### DATA FOR THE TASK
☆ ☆ ☆ ☆

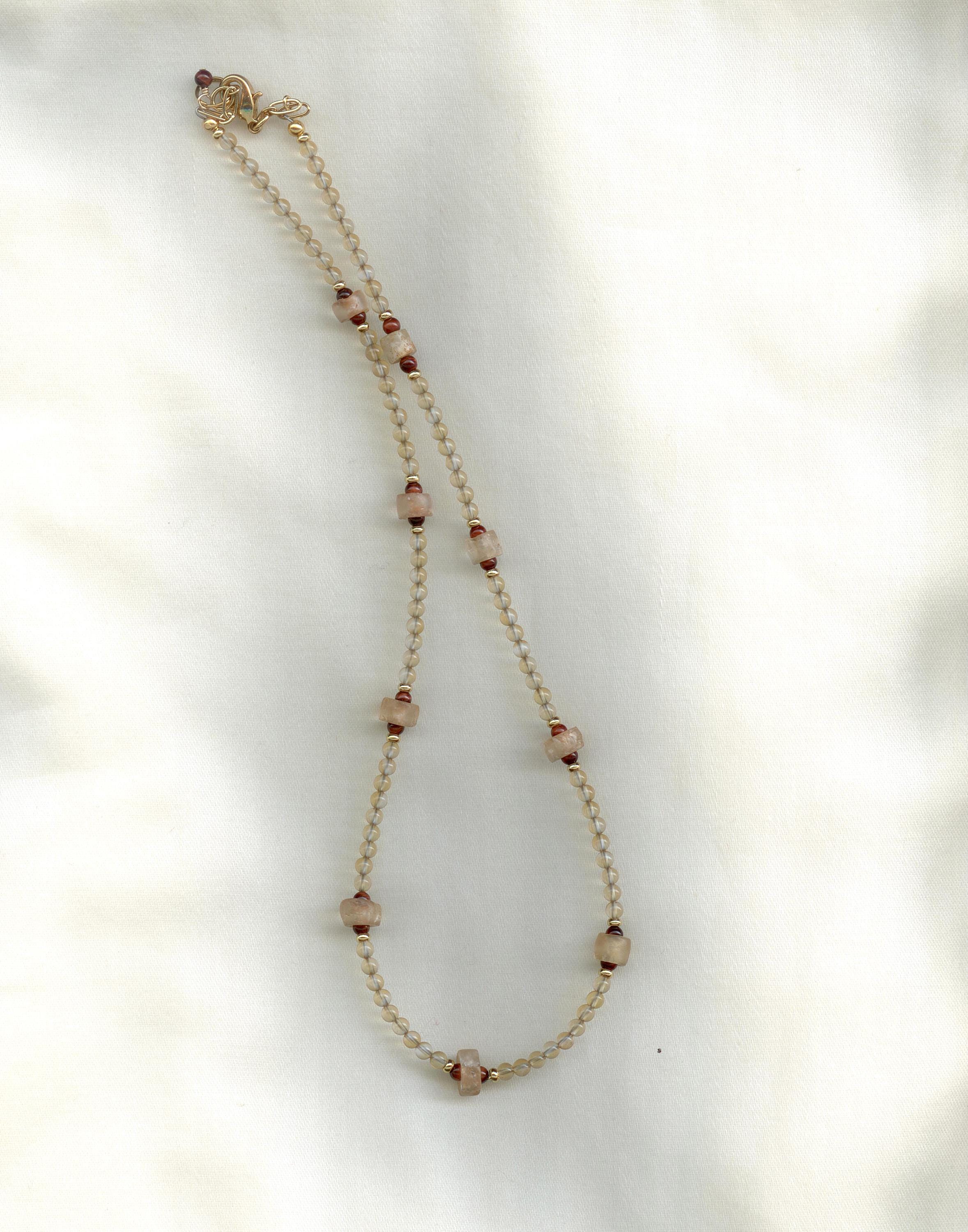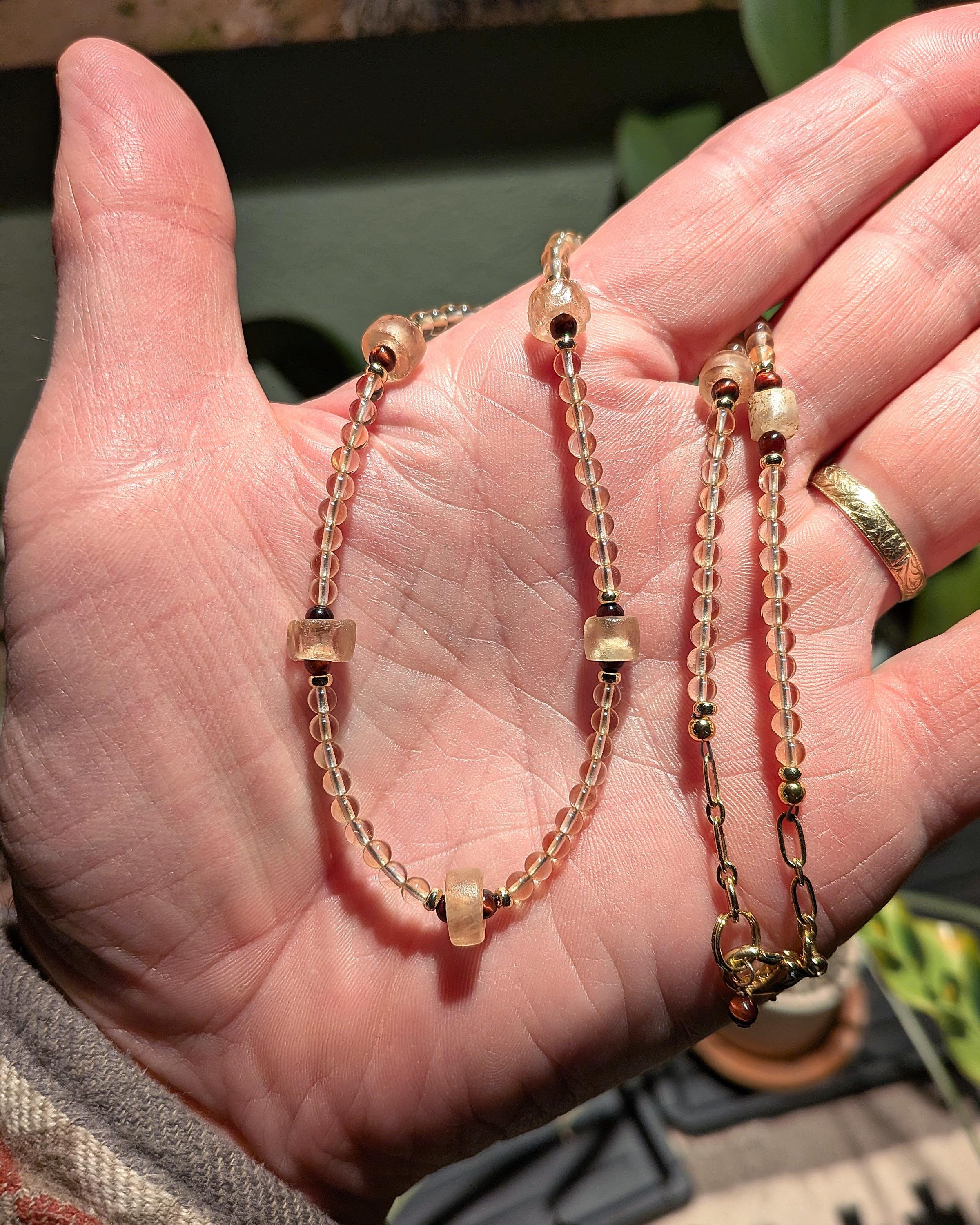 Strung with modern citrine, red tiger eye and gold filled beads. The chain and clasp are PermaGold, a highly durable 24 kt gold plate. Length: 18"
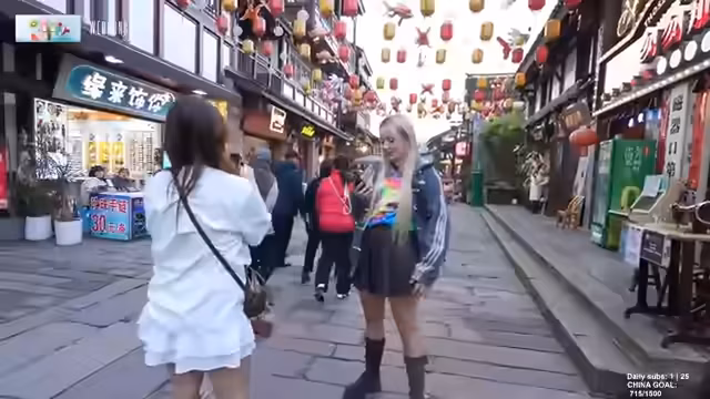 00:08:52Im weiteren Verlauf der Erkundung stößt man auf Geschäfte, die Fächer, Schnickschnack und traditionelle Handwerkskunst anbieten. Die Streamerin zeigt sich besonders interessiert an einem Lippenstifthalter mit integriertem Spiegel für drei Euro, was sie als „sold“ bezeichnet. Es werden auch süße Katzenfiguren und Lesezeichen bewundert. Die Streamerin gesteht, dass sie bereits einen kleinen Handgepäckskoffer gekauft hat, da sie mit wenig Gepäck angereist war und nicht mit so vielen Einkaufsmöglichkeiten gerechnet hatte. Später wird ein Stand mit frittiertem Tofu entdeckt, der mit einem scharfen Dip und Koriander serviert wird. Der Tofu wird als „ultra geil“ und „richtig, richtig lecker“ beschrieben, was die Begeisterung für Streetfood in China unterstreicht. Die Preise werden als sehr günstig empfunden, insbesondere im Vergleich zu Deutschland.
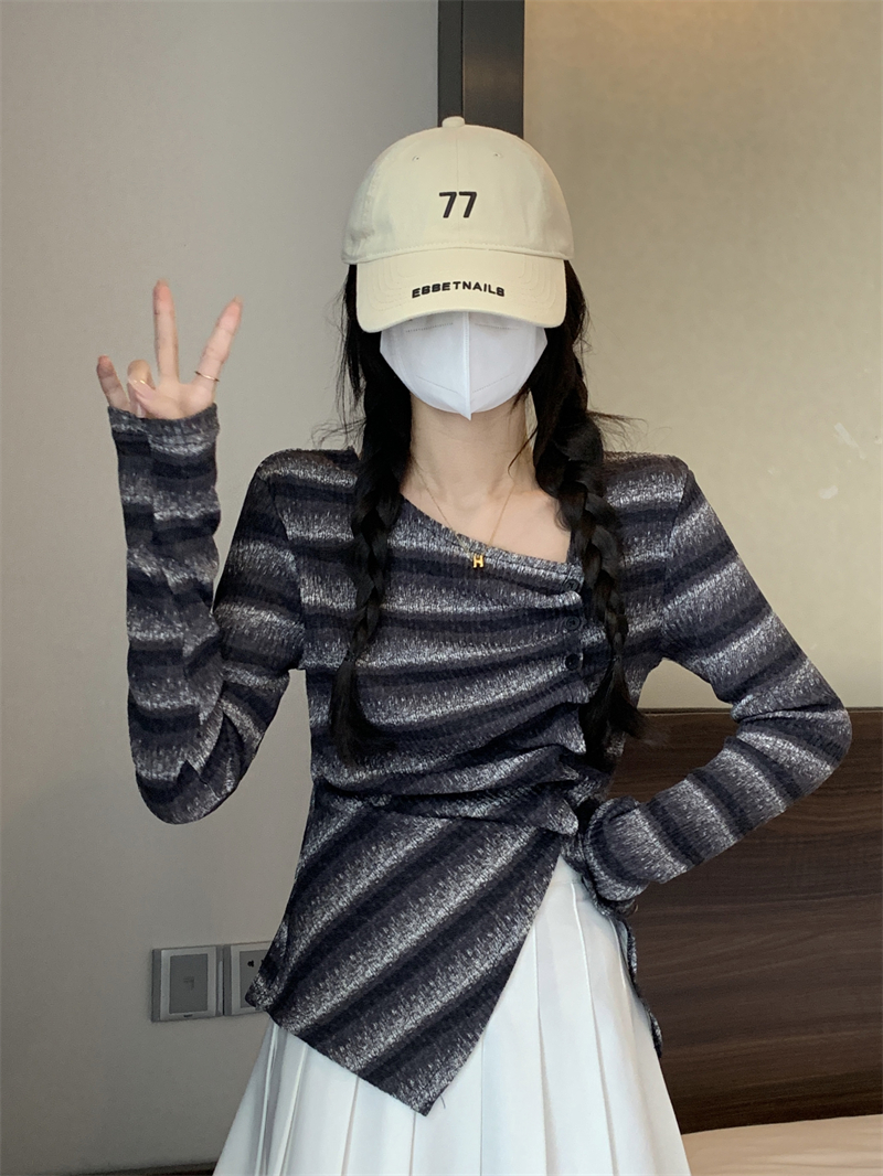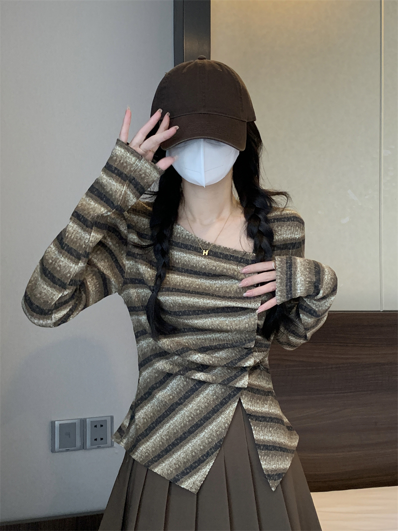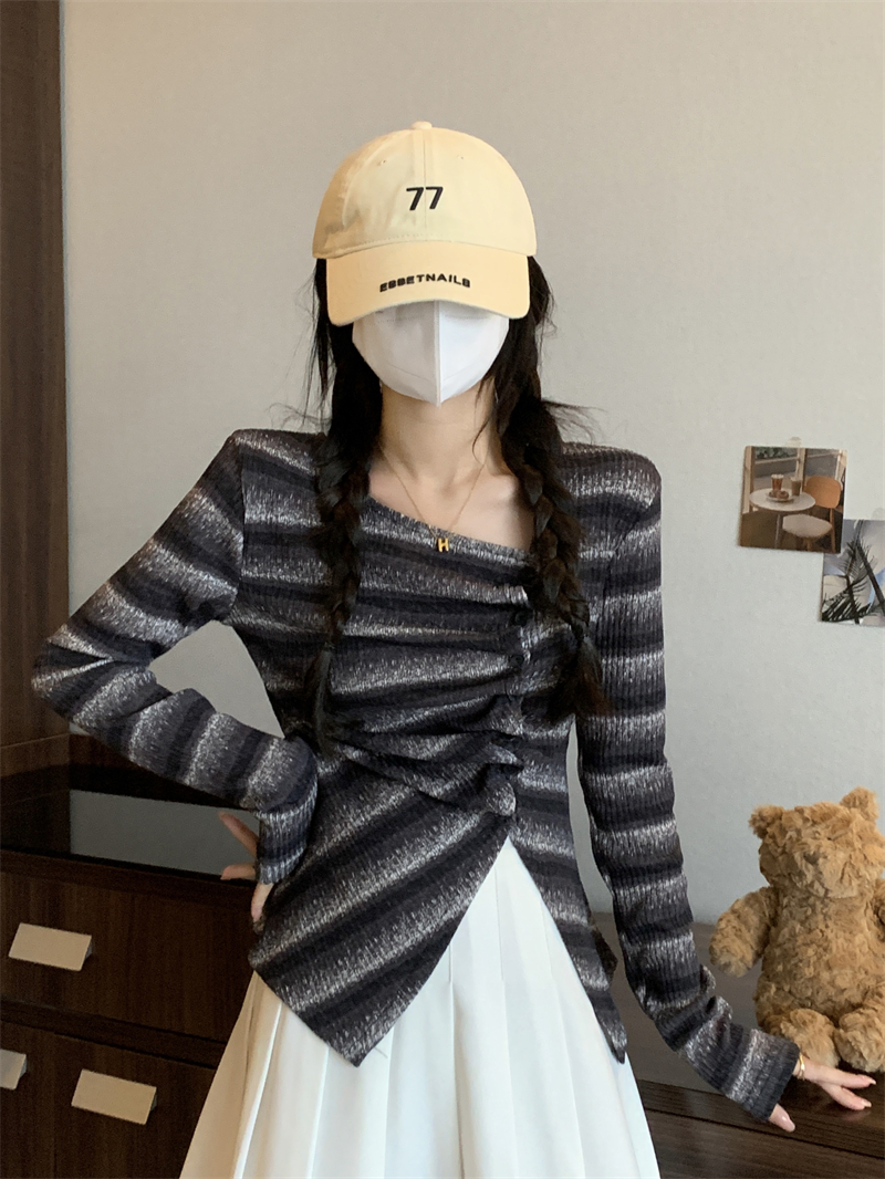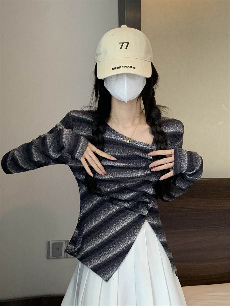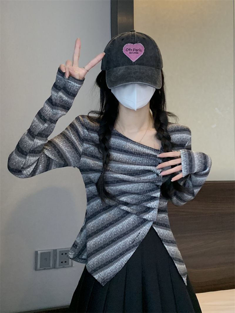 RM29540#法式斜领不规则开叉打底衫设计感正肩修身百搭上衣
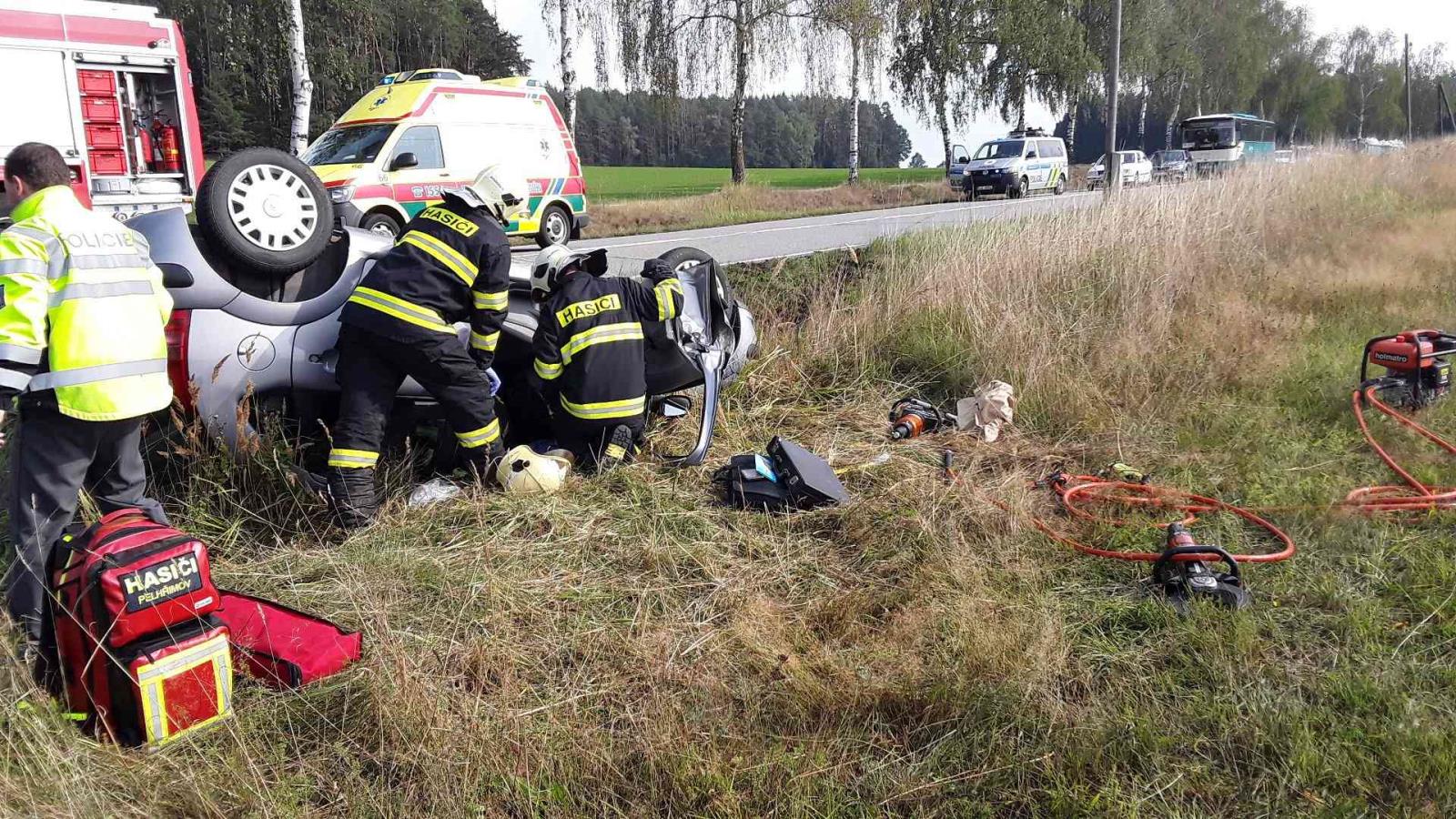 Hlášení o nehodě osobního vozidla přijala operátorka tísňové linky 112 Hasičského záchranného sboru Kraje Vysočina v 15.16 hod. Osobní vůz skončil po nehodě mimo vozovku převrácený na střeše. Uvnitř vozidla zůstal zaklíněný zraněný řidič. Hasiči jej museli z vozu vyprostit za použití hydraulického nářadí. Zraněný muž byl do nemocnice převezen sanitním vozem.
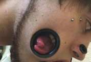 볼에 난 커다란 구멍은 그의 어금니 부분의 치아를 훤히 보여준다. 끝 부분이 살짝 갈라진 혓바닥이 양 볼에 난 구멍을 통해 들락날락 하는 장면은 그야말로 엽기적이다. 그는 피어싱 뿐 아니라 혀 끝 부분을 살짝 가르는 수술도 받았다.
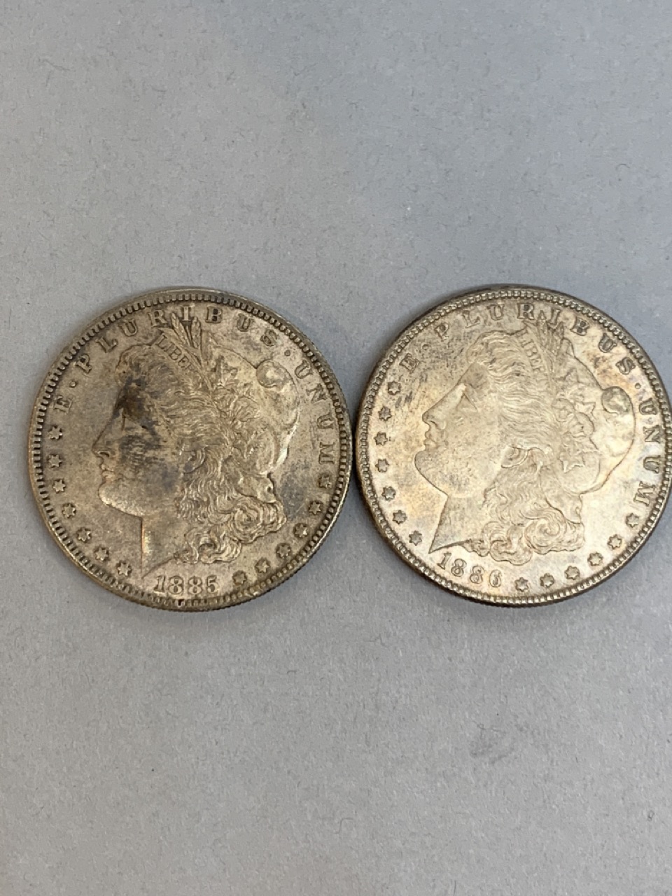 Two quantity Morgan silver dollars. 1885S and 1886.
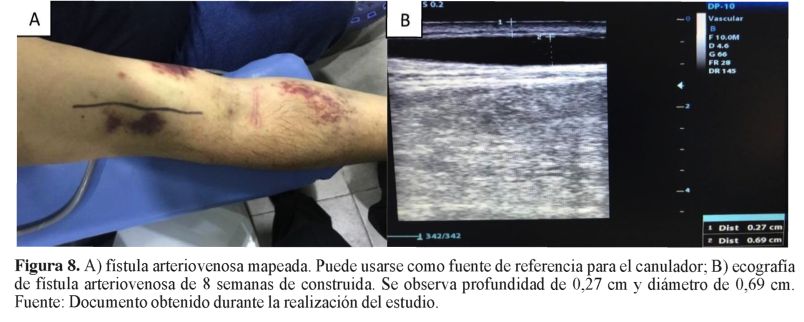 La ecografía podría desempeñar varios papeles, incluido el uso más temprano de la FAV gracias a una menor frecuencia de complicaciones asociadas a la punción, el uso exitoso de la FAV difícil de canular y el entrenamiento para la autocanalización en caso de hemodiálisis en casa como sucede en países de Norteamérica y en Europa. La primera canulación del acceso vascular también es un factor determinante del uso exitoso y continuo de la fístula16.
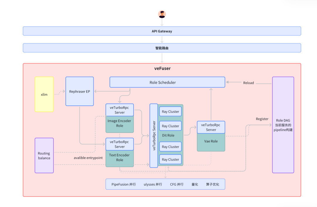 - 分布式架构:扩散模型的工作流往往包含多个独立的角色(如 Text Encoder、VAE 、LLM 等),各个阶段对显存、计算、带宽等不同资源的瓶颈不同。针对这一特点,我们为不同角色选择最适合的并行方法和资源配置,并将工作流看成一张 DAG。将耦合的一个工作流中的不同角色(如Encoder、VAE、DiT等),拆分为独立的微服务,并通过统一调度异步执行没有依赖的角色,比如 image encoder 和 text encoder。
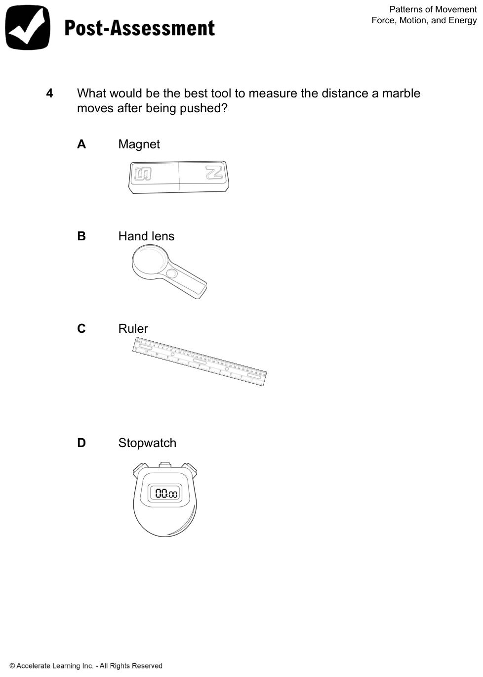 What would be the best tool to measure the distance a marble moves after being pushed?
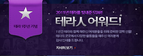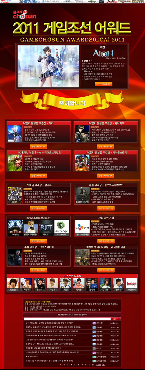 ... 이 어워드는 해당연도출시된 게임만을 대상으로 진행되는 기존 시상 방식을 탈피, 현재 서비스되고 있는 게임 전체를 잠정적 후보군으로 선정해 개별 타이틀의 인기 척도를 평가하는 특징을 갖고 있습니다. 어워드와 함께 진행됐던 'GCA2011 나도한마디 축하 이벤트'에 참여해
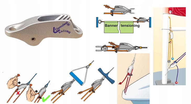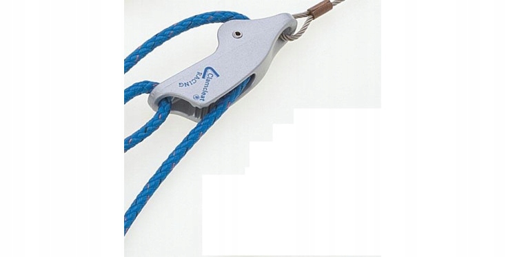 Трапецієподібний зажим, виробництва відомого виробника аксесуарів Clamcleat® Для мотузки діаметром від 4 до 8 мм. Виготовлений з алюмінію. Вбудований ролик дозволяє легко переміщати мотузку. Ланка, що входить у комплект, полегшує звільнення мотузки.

☆ ☆ ☆ ☆

### WHAT NEEDS TO BE DONE
From the first line to the last, print the records exactly; leave out the pictures.

### RESULT FOR THIS EXERCISE
 Strung with modern citrine, red tiger eye and gold filled beads. The chain and clasp are PermaGold, a highly durable 24 kt gold plate. Length: 18"
 00:08:52Im weiteren Verlauf der Erkundung stößt man auf Geschäfte, die Fächer, Schnickschnack und traditionelle Handwerkskunst anbieten. Die Streamerin zeigt sich besonders interessiert an einem Lippenstifthalter mit integriertem Spiegel für drei Euro, was sie als „sold“ bezeichnet. Es werden auch süße Katzenfiguren und Lesezeichen bewundert. Die Streamerin gesteht, dass sie bereits einen kleinen Handgepäckskoffer gekauft hat, da sie mit wenig Gepäck angereist war und nicht mit so vielen Einkaufsmöglichkeiten gerechnet hatte. Später wird ein Stand mit frittiertem Tofu entdeckt, der mit einem scharfen Dip und Koriander serviert wird. Der Tofu wird als „ultra geil“ und „richtig, richtig lecker“ beschrieben, was die Begeisterung für Streetfood in China unterstreicht. Die Preise werden als sehr günstig empfunden, insbesondere im Vergleich zu Deutschland.
 RM29540#法式斜领不规则开叉打底衫设计感正肩修身百搭上衣
 Hlášení o nehodě osobního vozidla přijala operátorka tísňové linky 112 Hasičského záchranného sboru Kraje Vysočina v 15.16 hod. Osobní vůz skončil po nehodě mimo vozovku převrácený na střeše. Uvnitř vozidla zůstal zaklíněný zraněný řidič. Hasiči jej museli z vozu vyprostit za použití hydraulického nářadí. Zraněný muž byl do nemocnice převezen sanitním vozem.
 볼에 난 커다란 구멍은 그의 어금니 부분의 치아를 훤히 보여준다. 끝 부분이 살짝 갈라진 혓바닥이 양 볼에 난 구멍을 통해 들락날락 하는 장면은 그야말로 엽기적이다. 그는 피어싱 뿐 아니라 혀 끝 부분을 살짝 가르는 수술도 받았다.
 Two quantity Morgan silver dollars. 1885S and 1886.
 La ecografía podría desempeñar varios papeles, incluido el uso más temprano de la FAV gracias a una menor frecuencia de complicaciones asociadas a la punción, el uso exitoso de la FAV difícil de canular y el entrenamiento para la autocanalización en caso de hemodiálisis en casa como sucede en países de Norteamérica y en Europa. La primera canulación del acceso vascular también es un factor determinante del uso exitoso y continuo de la fístula16.
 - 分布式架构:扩散模型的工作流往往包含多个独立的角色(如 Text Encoder、VAE 、LLM 等),各个阶段对显存、计算、带宽等不同资源的瓶颈不同。针对这一特点,我们为不同角色选择最适合的并行方法和资源配置,并将工作流看成一张 DAG。将耦合的一个工作流中的不同角色(如Encoder、VAE、DiT等),拆分为独立的微服务,并通过统一调度异步执行没有依赖的角色,比如 image encoder 和 text encoder。
 What would be the best tool to measure the distance a marble moves after being pushed?
 ... 이 어워드는 해당연도출시된 게임만을 대상으로 진행되는 기존 시상 방식을 탈피, 현재 서비스되고 있는 게임 전체를 잠정적 후보군으로 선정해 개별 타이틀의 인기 척도를 평가하는 특징을 갖고 있습니다. 어워드와 함께 진행됐던 'GCA2011 나도한마디 축하 이벤트'에 참여해
 Трапецієподібний зажим, виробництва відомого виробника аксесуарів Clamcleat® Для мотузки діаметром від 4 до 8 мм. Виготовлений з алюмінію. Вбудований ролик дозволяє легко переміщати мотузку. Ланка, що входить у комплект, полегшує звільнення мотузки.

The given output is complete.